Being from Alaska, I like to think I have some pretty good winter weather stories and pictures.
It was a dark and stormy night- wait, that’s not my story. But it’s similar! Sorry for trying to steal your thunder (no pun intended), Snoopy!
It was actually a dark and snowy day. I was pregnant with Harper and had an appointment in Anchorage, which was a good two-hour drive, even in good weather. There is only one road that gets us there (the Seward Highway) and it can be a harrowing, winding journey. Being winter, the sky was dark for most of the day and we knew it was going to be a long trek, so we decided to leave early.
The appointment was at 2pm, so Terry suggested we head out at 8am. We packed tons of snacks, lunch, blankets and our emergency kit.

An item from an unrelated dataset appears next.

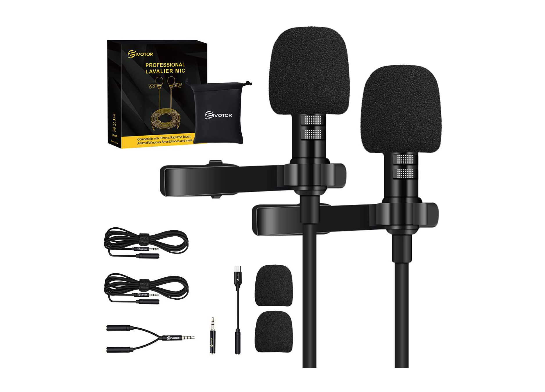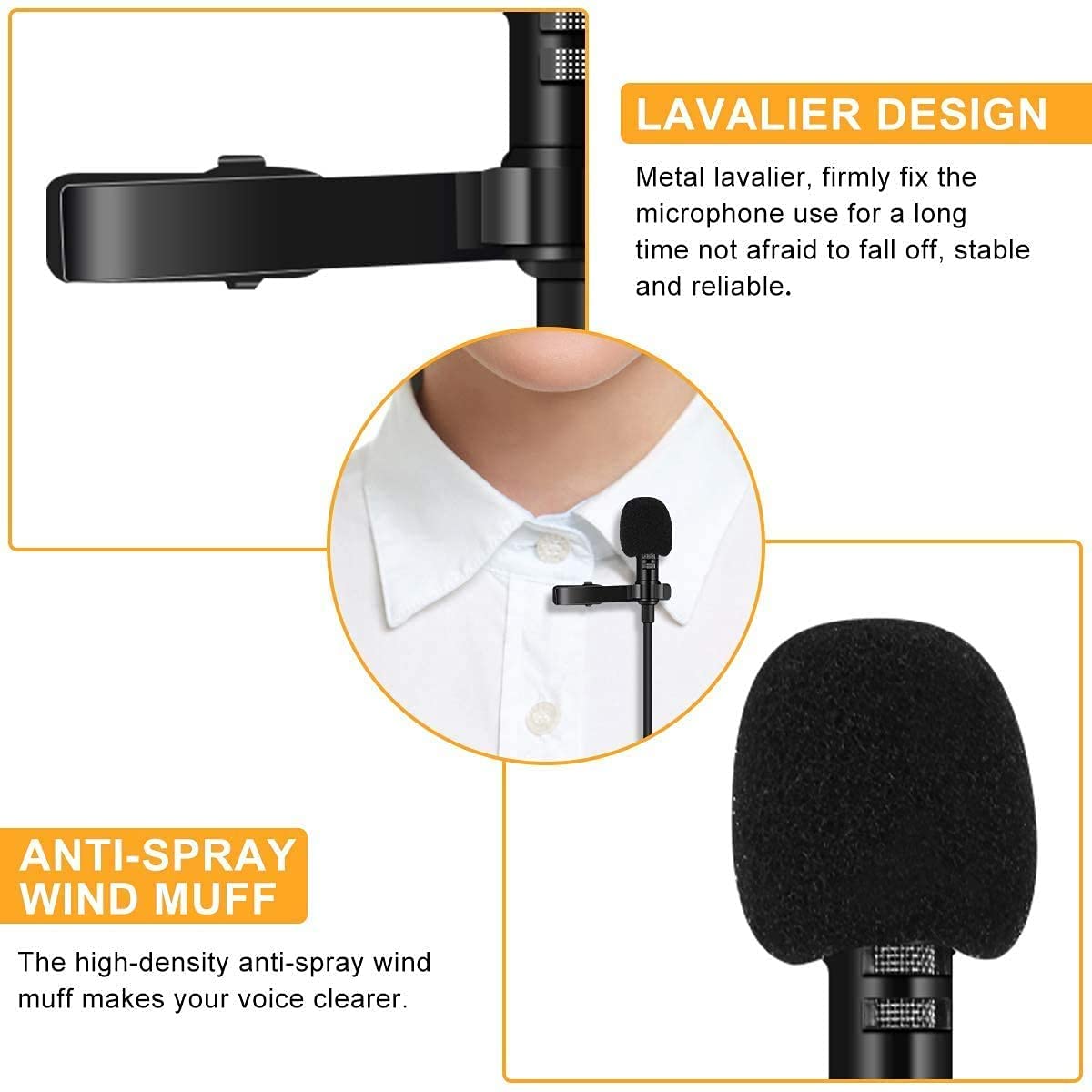 Atende aos requisitos de gravação simultânea de duas pessoas, especialmente adequado para entrevistas de 2 pessoas. Núcleo de um microfone condensador profissional, que possui uma ampla resposta de frequência e alta sensibilidade. Equipado com a função de redução de ruído. Encaixe jack 3,5 mm, adaptador type C, um cabo de conexão Y, adaptador TRS / TRRS (4-3 pinos) para telemóvel, PC, DSLR, etc. Clipe de metal permite que você prenda facilmente no pescoço, gravata ou bolso, fácil de configurar Extensão de 2m e um cabo de conexão em forma de Y de acordo com as preferências.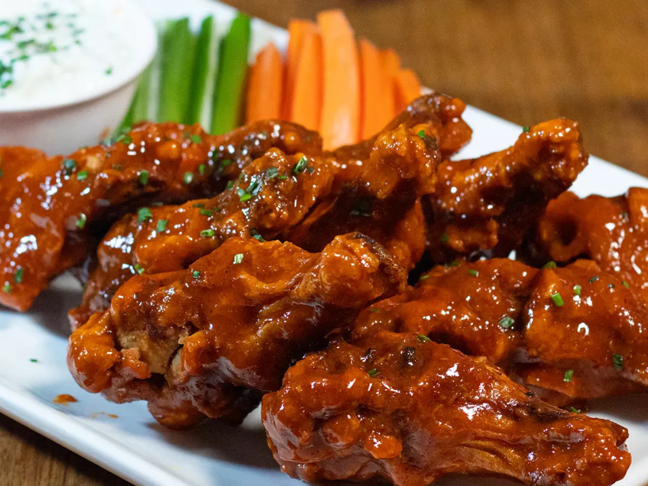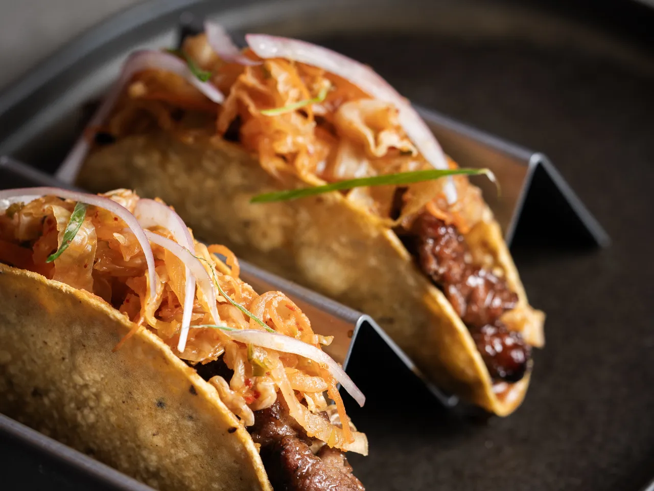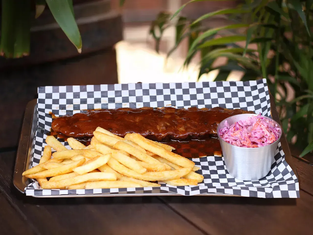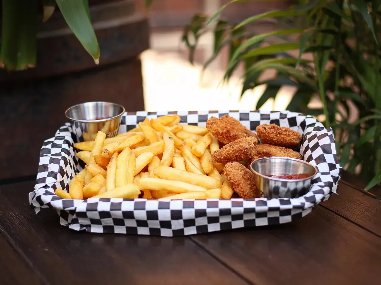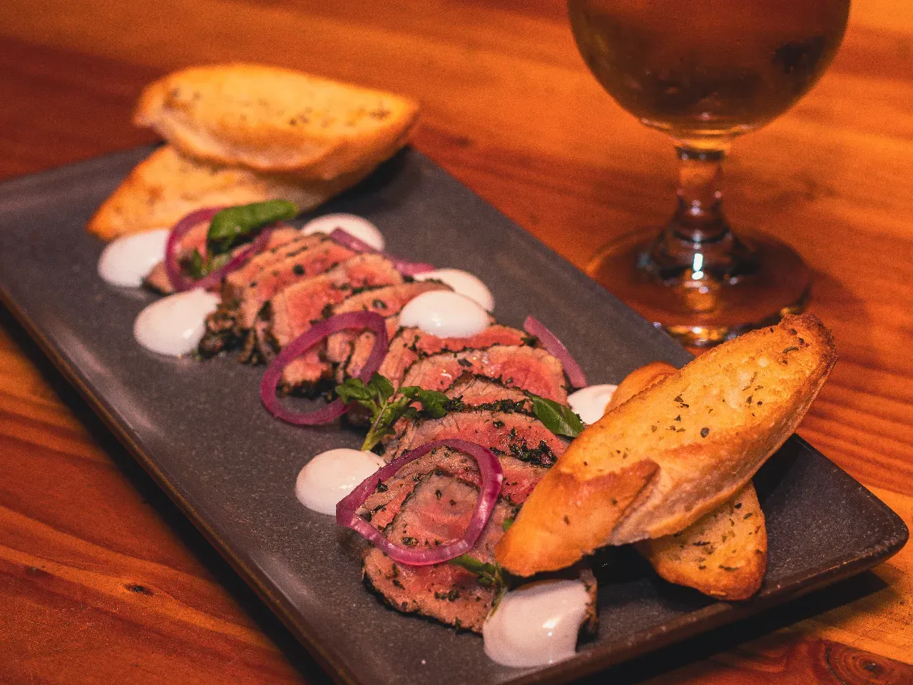 5 colosales aros de cebolla hechos a mano, apanados en panko acompañados de nuestra exquisita salsa agridulce Epicat y BBQ americano.

I was the one driving, since I am terrified of not being in control when traveling through less-than-perfect road conditions.
The road to Anchorage was covered in ice and deep piles of snow, about 6 feet at the deepest point. The snow was falling fast, and the flakes were fat and sticky. Being Alaska, though, most of the drivers were still going about 70mph.
We hit a place called Turnagin Pass, always the roughest, snowiest, most windy point in the trip. I slowed to about 45mph due to the white-out conditions. I couldn’t see a car in any direction, much less the side of the road. Heck, I may have been driving over the mountains and I wouldn’t have known any different.
The car was sliding around but we held our own on the road. Suddenly, I saw two faint red lights ahead of me, so I tapped my brakes as quickly as possible and tried to move to what I thought was the other side of the road. The car in front of me was actually an RV and had apparently only been about 5 feet in front of me.
I managed to avoid hitting the RV and kept going, figuring the road would get better. I was wrong. If possible, it got worse. The snow fell harder and faster and I began seeing glimpses of cars on the side of the road, but I pressed on, at 35mph.
We were about 4 hours into our trip to Anchorage and we weren’t even close. Terry was helping me peer out the frosty windshield to watch for other cars and frost heaves on the road. Our Saturn bumped and plodded along, mashing piles of slush and ice beneath the studded snow tires, slowly climbing slick hills, and sliding sideways down icy mountain passes.
After six and a half agonizingly long hours, we made it to Anchorage and my appointment. We had called them several times, telling them we would be there, just a little late. After we left the doctor, we decided to spend the night in a hotel, which turned into two nights, due to how crazy the snow was. It took us about 5 hours to get home.
Needless to say, it was by far the worst winter weather I had to deal with.